Epinephrine acts on multiple organ systems, including the cardiovascular, respiratory, and metabolic systems, to prepare the body for intense physical activity.
It increases heart rate, blood pressure, and glucose levels, while also dilating the airways.
Epinephrine is widely used in medical settings to treat anaphylactic shock, cardiac arrest, and other emergencies.
Researchers studying the effects and mechanisms of epinephrine can utilize PubCompare.ai's AI-driven platform to quickly locate the best protocols from literature, preprints, and patents, enhancing reproducibility and accuracy in their epinephrine studies.
Synonyms and related terms for epinephrine include adrenaline, norepinephrine, and catecholamines.
Abbreviations like EPI and NE are also commonly used.

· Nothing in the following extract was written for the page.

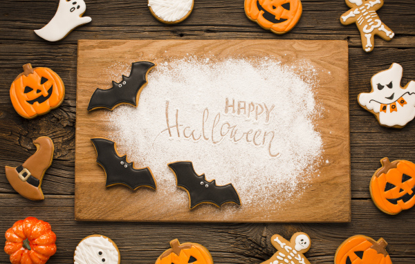 Открытка на праздник Хэллоуин с печеньем и доской Обои для рабочего стола 600x382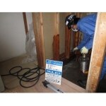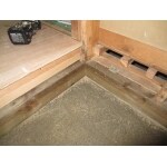 浴室を解体したらシロアリによる食害跡がありましたが、現状ではシロアリはいないようでした。しかし、予防のため、シロアリ消毒を行い、土台などを中心に木材の強度が落ちていた部分は防腐処理済木材で交換しました。これで、長い間の安全が保たれると思われます。

Key subtopics in epinephrine research may include the biosynthesis and metabolism of epinephrine, its interactions with receptors (e.g., alpha and beta adrenergic receptors), and its effects on physiological processes like cardiovascular function, respiration, and energy metabolism.
Researchers may also study related compounds like bovine serum albumin (BSA), which is sometimes used in epinephrine assays, or hydrogen peroxide (H2O2), which can be used to induce oxidative stress in epinephrine-related experiments.

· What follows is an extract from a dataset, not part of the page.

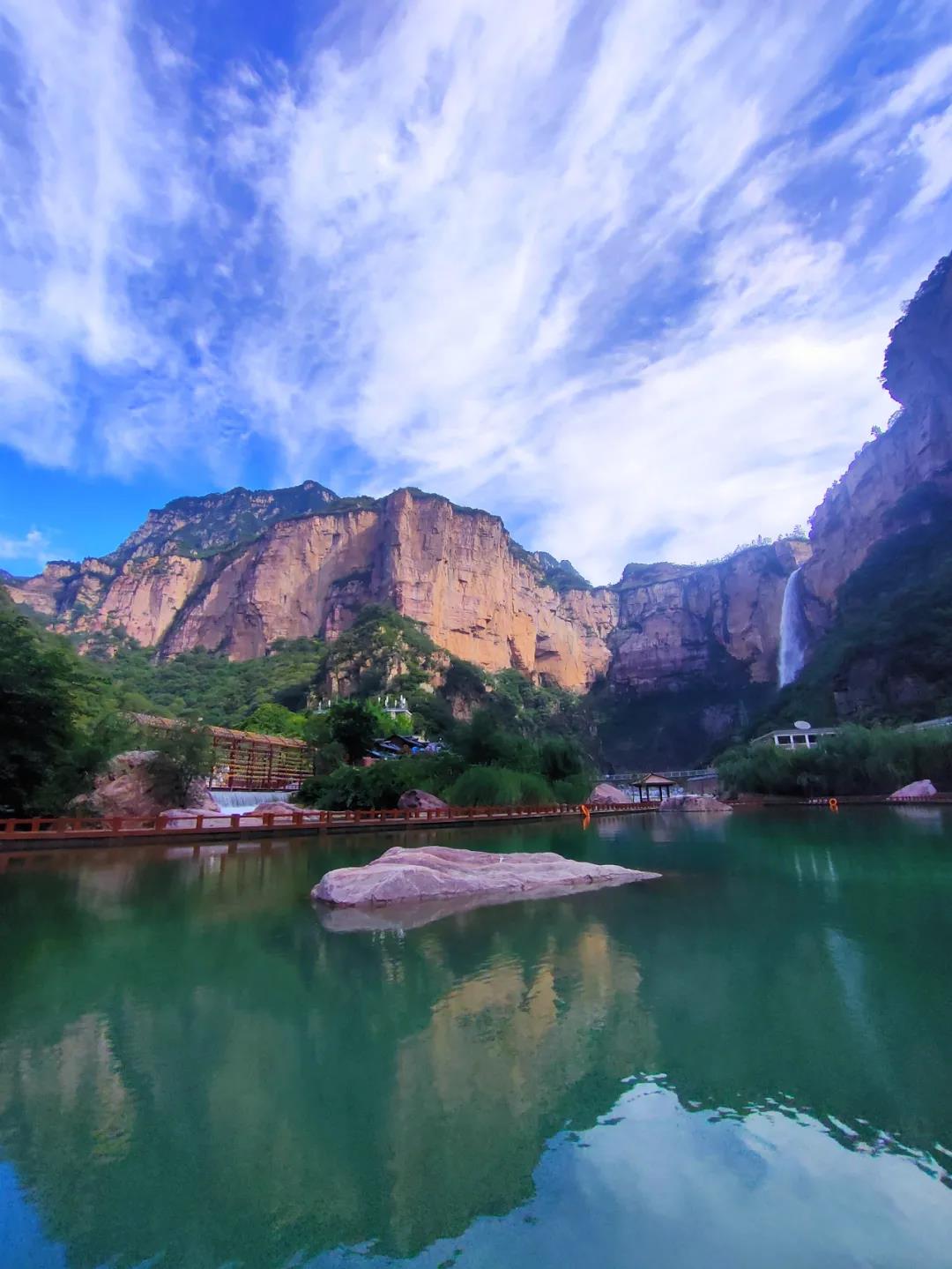 在寶泉藍(lán)天白云下,享受山水間的愜意,仰望最高遠(yuǎn)的天,觀賞最恬淡的云,一切都是剛剛好。

Additionally, techniques like GIF-Q260J and VIO300D may be employed to measure epinephrine levels, while trichloroacetic acid (TCA) and thiobarbituric acid (TBA) are used in assays to assess epinephrine-related parameters.
By leveraging PubCompare.ai's powerful tools, researchers can streamline their epinephrine studies, improve reproducibility, and gain deeper insights into this crucial stress hormone and its multifaceted physiological effects.